Letters of Protest: Here, Opposer filed a Notice of Opposition to prevent allowing one manufacturer to register RAPUNZEL for dolls and toy figures. However, challengers of pending marks may also file a Letter of Protest through the PTO. Any individual can file a Letter of Protest in order to provide an examining attorney with helpful documents and registrations. If a mark has been published, letters of protest will need to include clear evidence that the PTO erred in approving the mark for publication. For more information on the LOP process, go here.

Read comments and post your comment here.

TTABlog comment: Note that Disney obtained an extension of time to oppose the RAPUNZEL application, but did not pursue it.
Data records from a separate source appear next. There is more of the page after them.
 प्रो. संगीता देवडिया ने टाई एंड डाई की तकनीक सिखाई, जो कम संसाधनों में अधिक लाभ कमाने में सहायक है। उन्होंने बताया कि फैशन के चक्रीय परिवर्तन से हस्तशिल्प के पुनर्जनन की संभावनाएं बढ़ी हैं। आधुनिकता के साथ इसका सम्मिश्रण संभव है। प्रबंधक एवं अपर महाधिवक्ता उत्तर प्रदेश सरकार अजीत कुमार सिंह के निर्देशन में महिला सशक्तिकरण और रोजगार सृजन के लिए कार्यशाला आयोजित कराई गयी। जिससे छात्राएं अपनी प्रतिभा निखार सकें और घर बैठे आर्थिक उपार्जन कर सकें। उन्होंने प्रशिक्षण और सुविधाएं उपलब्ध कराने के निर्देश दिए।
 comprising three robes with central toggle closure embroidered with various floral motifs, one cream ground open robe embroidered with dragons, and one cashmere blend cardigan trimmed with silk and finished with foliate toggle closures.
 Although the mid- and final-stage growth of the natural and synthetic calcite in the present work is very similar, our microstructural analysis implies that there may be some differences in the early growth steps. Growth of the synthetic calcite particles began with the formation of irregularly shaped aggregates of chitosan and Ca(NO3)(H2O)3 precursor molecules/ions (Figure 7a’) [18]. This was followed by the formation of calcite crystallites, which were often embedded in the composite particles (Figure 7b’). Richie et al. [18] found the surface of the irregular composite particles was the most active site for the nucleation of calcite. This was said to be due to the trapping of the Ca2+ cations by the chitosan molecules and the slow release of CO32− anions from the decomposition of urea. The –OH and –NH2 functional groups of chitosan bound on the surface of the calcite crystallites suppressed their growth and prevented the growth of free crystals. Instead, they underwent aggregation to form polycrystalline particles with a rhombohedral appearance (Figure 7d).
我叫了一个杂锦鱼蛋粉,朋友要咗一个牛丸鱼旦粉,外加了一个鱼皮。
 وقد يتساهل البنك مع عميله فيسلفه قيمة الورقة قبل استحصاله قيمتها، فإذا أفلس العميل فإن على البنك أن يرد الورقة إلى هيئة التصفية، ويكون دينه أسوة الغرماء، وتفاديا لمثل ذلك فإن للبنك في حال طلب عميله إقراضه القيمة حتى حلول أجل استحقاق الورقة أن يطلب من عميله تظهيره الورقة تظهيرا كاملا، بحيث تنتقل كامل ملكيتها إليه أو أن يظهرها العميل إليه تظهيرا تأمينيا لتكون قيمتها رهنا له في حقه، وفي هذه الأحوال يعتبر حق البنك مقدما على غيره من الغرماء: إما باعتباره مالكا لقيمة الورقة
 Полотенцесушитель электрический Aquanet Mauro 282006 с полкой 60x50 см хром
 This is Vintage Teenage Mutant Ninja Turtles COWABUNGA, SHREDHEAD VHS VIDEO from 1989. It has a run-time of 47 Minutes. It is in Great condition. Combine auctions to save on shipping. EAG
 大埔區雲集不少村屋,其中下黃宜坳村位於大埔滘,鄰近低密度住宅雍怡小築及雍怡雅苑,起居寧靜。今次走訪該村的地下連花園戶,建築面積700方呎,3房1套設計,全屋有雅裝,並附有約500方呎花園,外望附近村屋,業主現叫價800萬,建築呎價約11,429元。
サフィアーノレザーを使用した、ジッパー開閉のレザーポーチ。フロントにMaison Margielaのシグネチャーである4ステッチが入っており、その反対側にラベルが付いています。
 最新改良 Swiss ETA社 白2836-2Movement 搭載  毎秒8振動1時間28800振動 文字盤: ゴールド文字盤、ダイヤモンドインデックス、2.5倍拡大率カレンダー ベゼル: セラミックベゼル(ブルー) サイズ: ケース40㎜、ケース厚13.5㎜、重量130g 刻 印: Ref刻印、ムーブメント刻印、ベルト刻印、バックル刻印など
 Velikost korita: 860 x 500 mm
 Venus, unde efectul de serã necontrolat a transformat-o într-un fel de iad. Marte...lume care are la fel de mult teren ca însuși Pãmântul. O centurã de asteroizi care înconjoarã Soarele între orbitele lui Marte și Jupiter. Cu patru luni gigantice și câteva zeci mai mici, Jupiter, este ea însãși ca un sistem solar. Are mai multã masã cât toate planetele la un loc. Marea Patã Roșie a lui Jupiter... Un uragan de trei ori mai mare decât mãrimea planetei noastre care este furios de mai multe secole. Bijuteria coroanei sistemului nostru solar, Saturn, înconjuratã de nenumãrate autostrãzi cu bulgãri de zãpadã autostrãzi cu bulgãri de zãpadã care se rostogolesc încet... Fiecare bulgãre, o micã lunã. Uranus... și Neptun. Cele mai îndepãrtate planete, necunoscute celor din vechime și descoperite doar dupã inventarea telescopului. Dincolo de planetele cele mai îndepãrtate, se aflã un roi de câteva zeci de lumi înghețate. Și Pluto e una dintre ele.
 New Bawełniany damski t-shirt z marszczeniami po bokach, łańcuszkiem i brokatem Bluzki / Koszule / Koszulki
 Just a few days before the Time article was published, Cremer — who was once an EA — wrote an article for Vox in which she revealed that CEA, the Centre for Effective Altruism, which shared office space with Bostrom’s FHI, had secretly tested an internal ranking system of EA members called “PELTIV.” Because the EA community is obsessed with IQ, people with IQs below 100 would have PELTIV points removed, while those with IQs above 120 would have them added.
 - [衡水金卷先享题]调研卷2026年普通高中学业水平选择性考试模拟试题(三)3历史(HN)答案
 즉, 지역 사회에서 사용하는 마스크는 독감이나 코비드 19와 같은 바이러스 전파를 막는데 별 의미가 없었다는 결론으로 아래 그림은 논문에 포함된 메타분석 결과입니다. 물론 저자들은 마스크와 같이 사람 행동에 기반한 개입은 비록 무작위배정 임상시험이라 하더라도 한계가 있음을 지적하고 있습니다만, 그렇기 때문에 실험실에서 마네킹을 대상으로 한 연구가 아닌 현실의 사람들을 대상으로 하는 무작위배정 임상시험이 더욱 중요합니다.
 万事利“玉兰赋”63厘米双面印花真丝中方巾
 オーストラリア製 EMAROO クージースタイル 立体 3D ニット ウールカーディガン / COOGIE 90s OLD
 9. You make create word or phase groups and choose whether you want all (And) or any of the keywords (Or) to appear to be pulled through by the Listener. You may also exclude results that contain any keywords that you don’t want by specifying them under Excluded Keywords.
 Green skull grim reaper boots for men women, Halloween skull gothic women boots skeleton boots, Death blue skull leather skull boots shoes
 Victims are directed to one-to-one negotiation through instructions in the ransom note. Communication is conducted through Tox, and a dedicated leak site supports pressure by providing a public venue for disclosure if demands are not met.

Why do you think so? BTW: How did this mark get past the examining attorney?

Kira comment: Special shout-out to Professor Robin Effron, my visiting 1L civil procedure professor! -- https://imgflip.com/i/kqmu6


Text Copyright Kira-Khanh McCarthy and John L. Welch 2018.

4 Comments:

At 9:57 AM, Anonymous joe dreitler said...

My comments are that much like 43(a), opposing trademark applications should be limited to those with a real COMMERCIAL interest. These are not consumer protection statutes. The Ritchie decision was one of the worst I have ever read, truly a product of the anti O.J. Simpson mindset of the late 90's. It was nothing but political. This language from the Federal Circuit makes no effort to hide their political motivations:

In his notice of opposition against the marks at issue, Mr. Ritchie alleged, inter alia, that he would be damaged by the registration of the marks because the marks disparage his values, especially those values relating to his family.   In addition, in his notice of opposition, Mr. Ritchie described himself as a “family man” who believes that the “sanctity of marriage requires a husband and wife who love and nurture one another,” and as a member of a group that could be potentially damaged by marks that allegedly are synonymous with wife-beater and wife-murderer.   Furthermore, Mr. Ritchie alleged that the marks are scandalous because they would “attempt to justify physical violence against women.”

 
At 9:44 AM, Anonymous Anonymous said...

I agree with the comment above. Opposer indicated that she is a consumer of the goods and would be "irreparably harmed by the registration of the mark RAPUNZEL". How would registration of the mark harm her as a consumer?

 
At 11:39 AM, Anonymous Anonymous said...

officious intermeddler.

 
At 2:00 PM, Anonymous Anonymous said...

Putting the issue of standing aside, how does such a mark survive examination? "Rapunzel" has been around as a name for centuries, and has been applied to dolls for many many years. How does this mark get approved for registration? Have the Trademark Examiners lost their minds?